### Recorded information

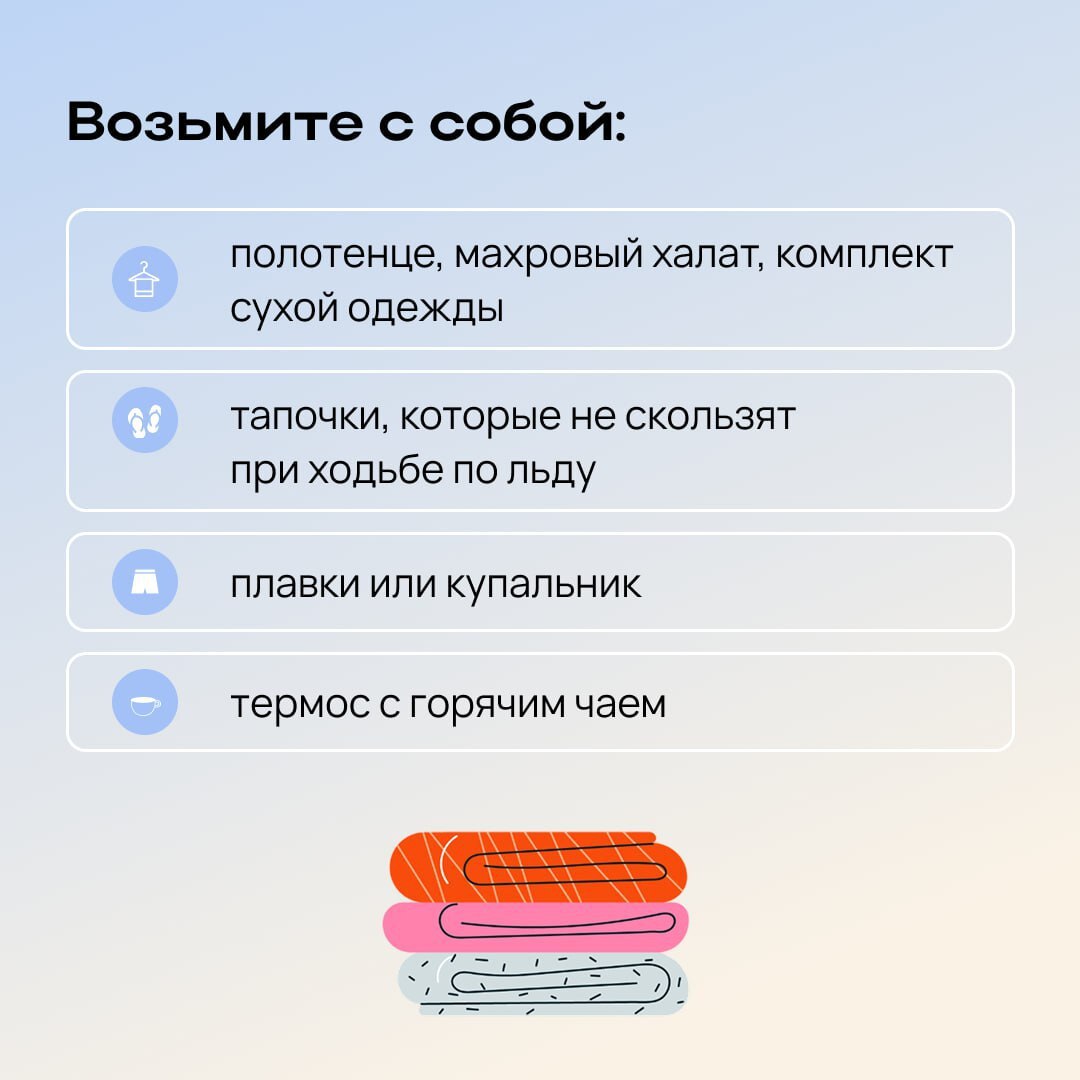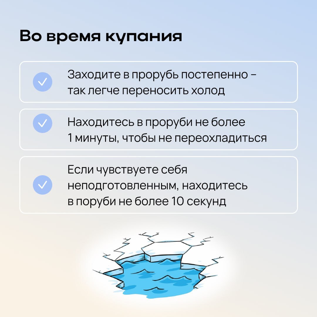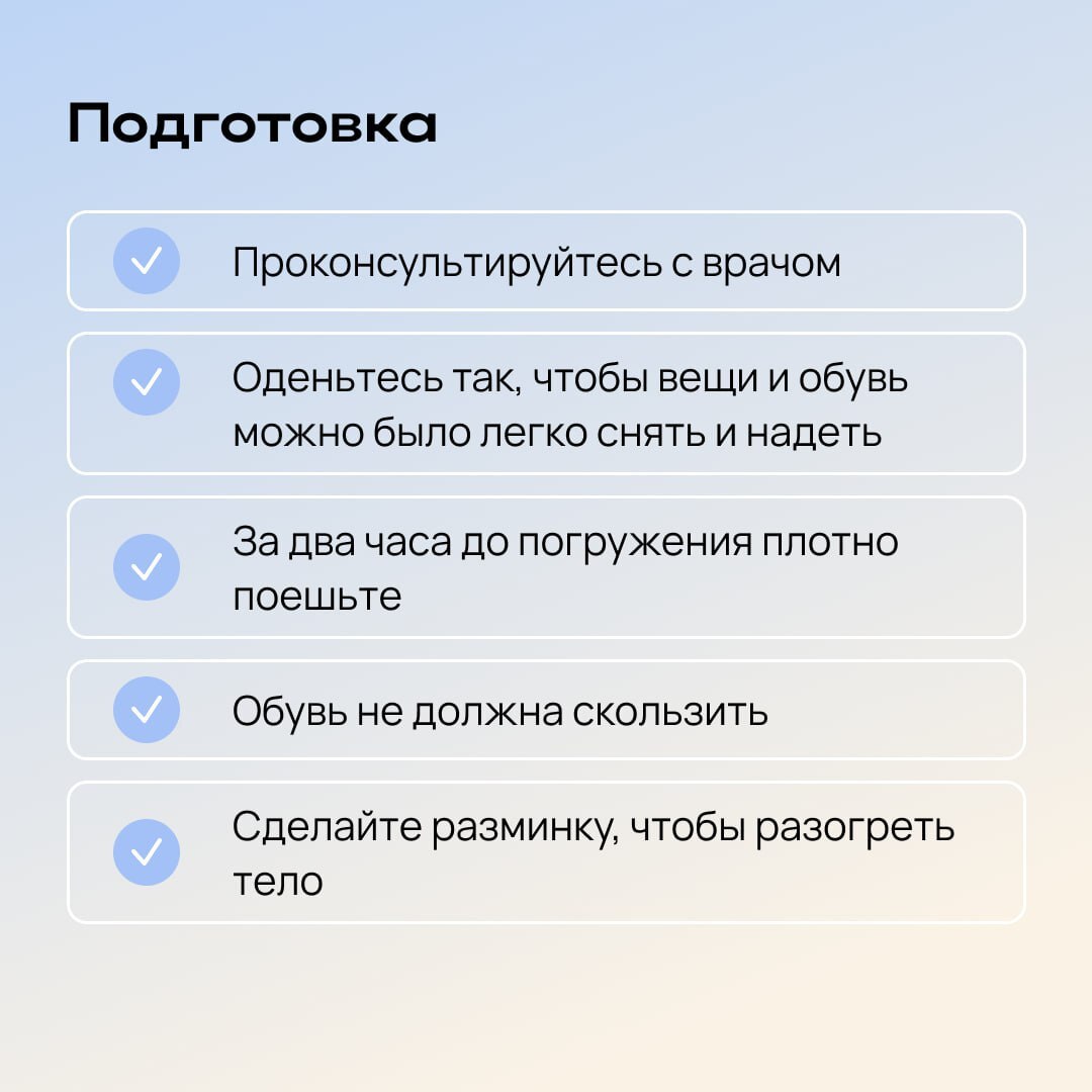 Перед погружением в воду рекомендуется:делать легкую разминку или пробежку, чтобы разогреть тело;надеть удобную, нескользящую и легкоснимаемую обувь, чтобы избежать потери чувствительности ног;при входе в прорубь стараться быстро достичь...
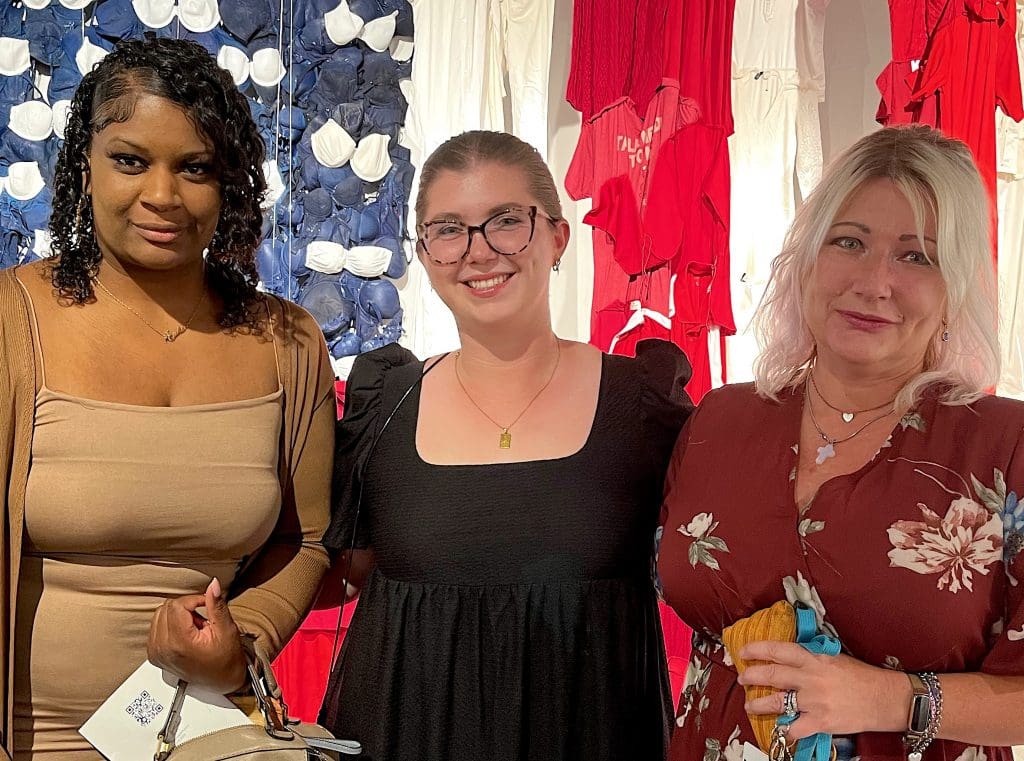 MoCA Westport teachers, from left, Erika McGhee, Isabelle Camillo and Agata Tria at the opening of the “Women Pulling at the Threads of Social Discourse” exhibition.
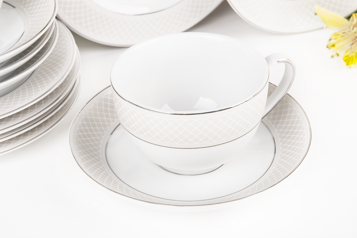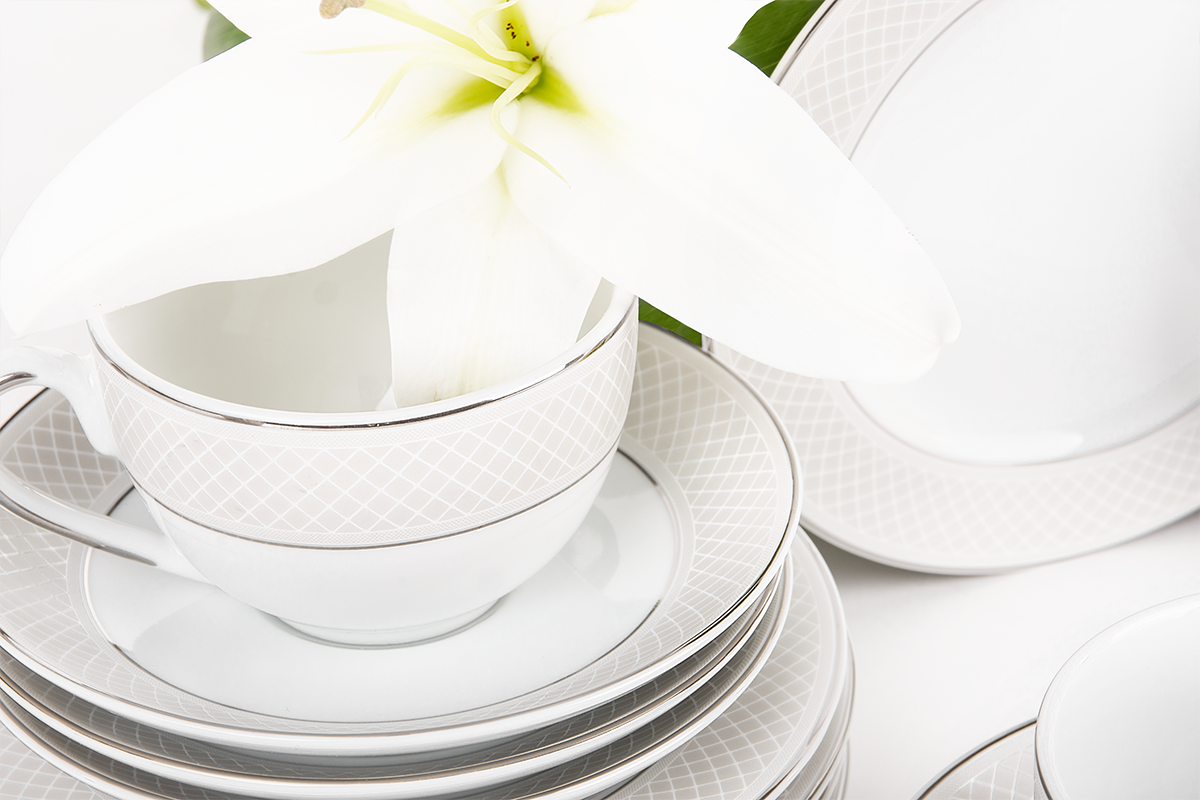 SCANIA Mehr aus der Kollektion Teeservice aus polnischem Porzellan 12-teilig weiß / platinfarben für 6 Personen- Farbe platin
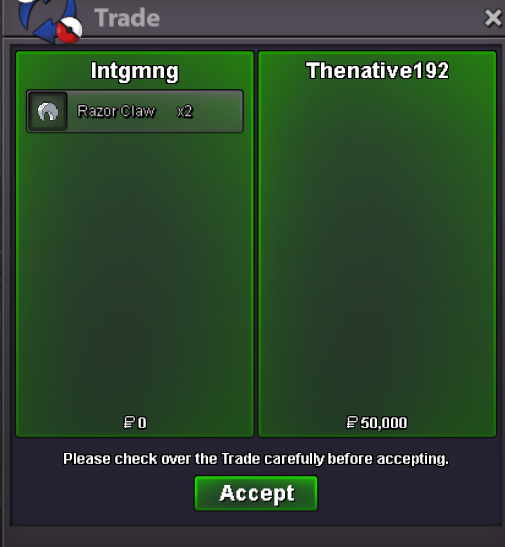 Hello @Gialos, In the future, please ensure that you assign a value to accepted payments (that are not pokedollars). For example: Coin Capsule = 500k Sincerely, Tandemaus -
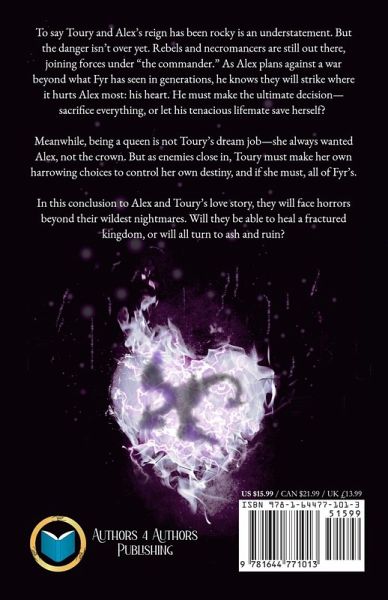 To say Toury and Alex's reign has been rocky is an understatement. But the danger isn't over yet. Rebels and necromancers are still out there, joining forces under "the commander." As Alex plans against a war beyond what Fyr has seen in generations, he knows they will strike where it hurts Alex most: his heart. He must make the ultimate decision-sacrifice everything, or let his tenacious lifemate save herself? Meanwhile, being a queen is not Toury's dream job-she always wanted Alex, not the crown. But as enemies close in, Toury must make her own harrowing choices to control her own destiny, and if she must, all of Fyr's. In this conclusion to Alex and Toury's love story, they will face horrors beyond their wildest nightmares. Will they be able to heal a fractured kingdom, or will all turn to ash and ruin? Authors 4 Authors Content Rating This title has been rated 17+, appropriate for older teens and adults, and contains:moderate language frequent intense violence intense implied sex mild alcohol use domestic abuse forced abortion forced marriage attempted suicide For more information on our rating system, please, visit our Content Guide at: www.authors4authorspublishing.com/books/ratings
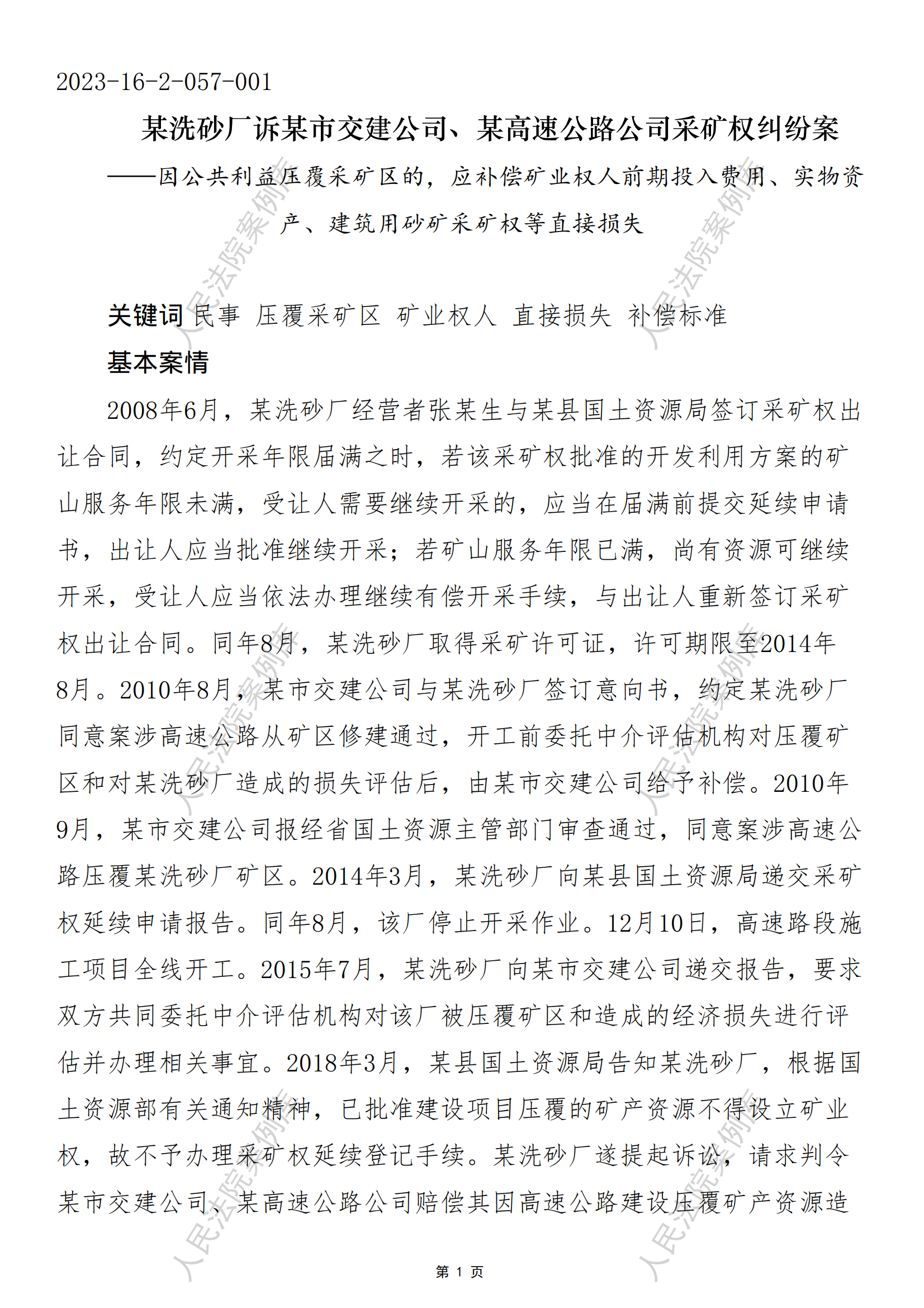 核心提示:——因公共利益压覆采矿区的,应补偿矿业权人前期投入费用、实物资产、建筑用砂矿采矿权等直接损失
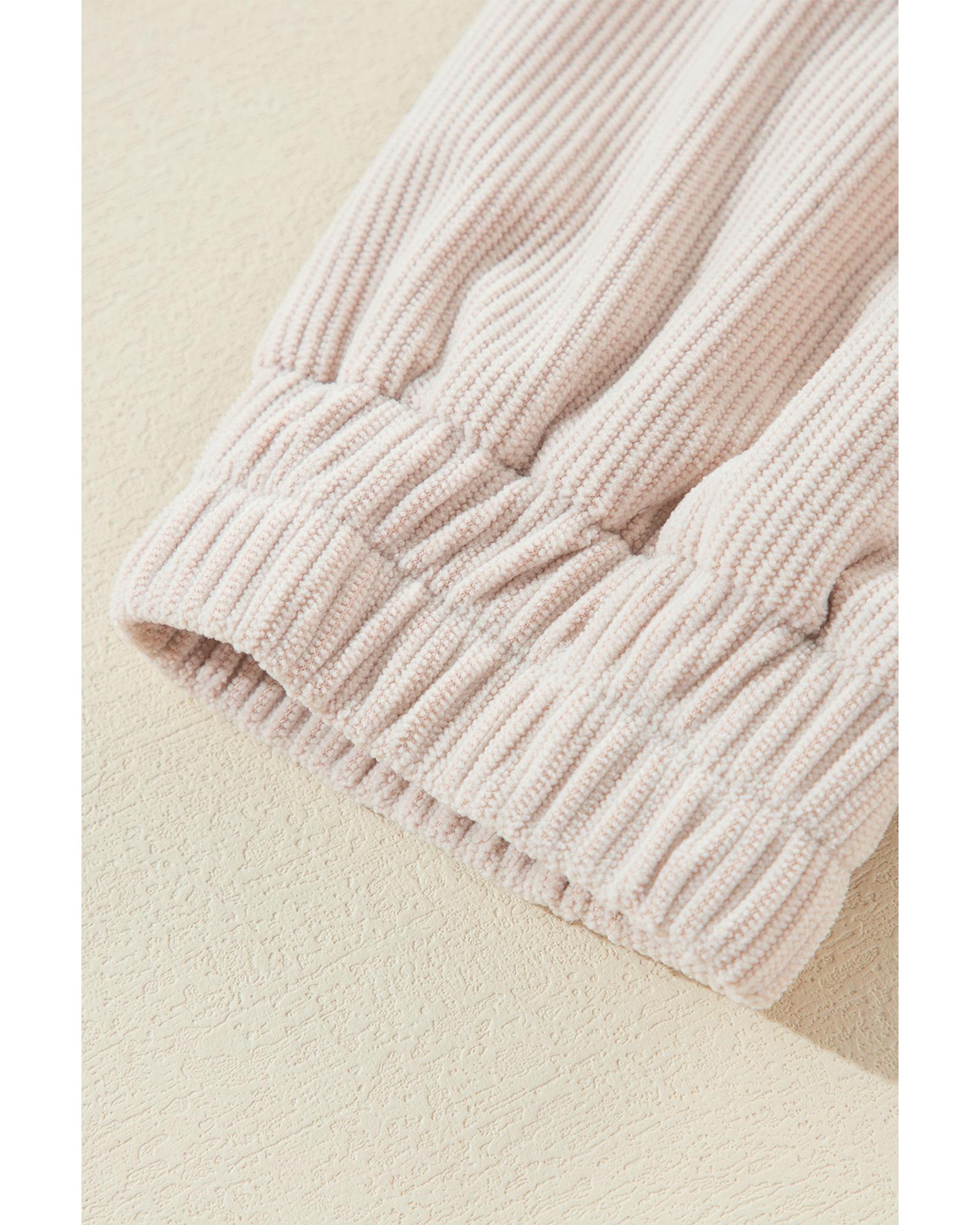 White Corduroy Drawstring Hooded Pocket Zip Up Jacket – S

### Task prompt
Though the entries above contain pictures, none should be copied; reproduce only the lines between the one holding "SCANIA Mehr aus" and the one holding "Hello @Gialos, In", inclusive, exactly as written.

### Result of the task
 SCANIA Mehr aus der Kollektion Teeservice aus polnischem Porzellan 12-teilig weiß / platinfarben für 6 Personen- Farbe platin
 Hello @Gialos, In the future, please ensure that you assign a value to accepted payments (that are not pokedollars). For example: Coin Capsule = 500k Sincerely, Tandemaus -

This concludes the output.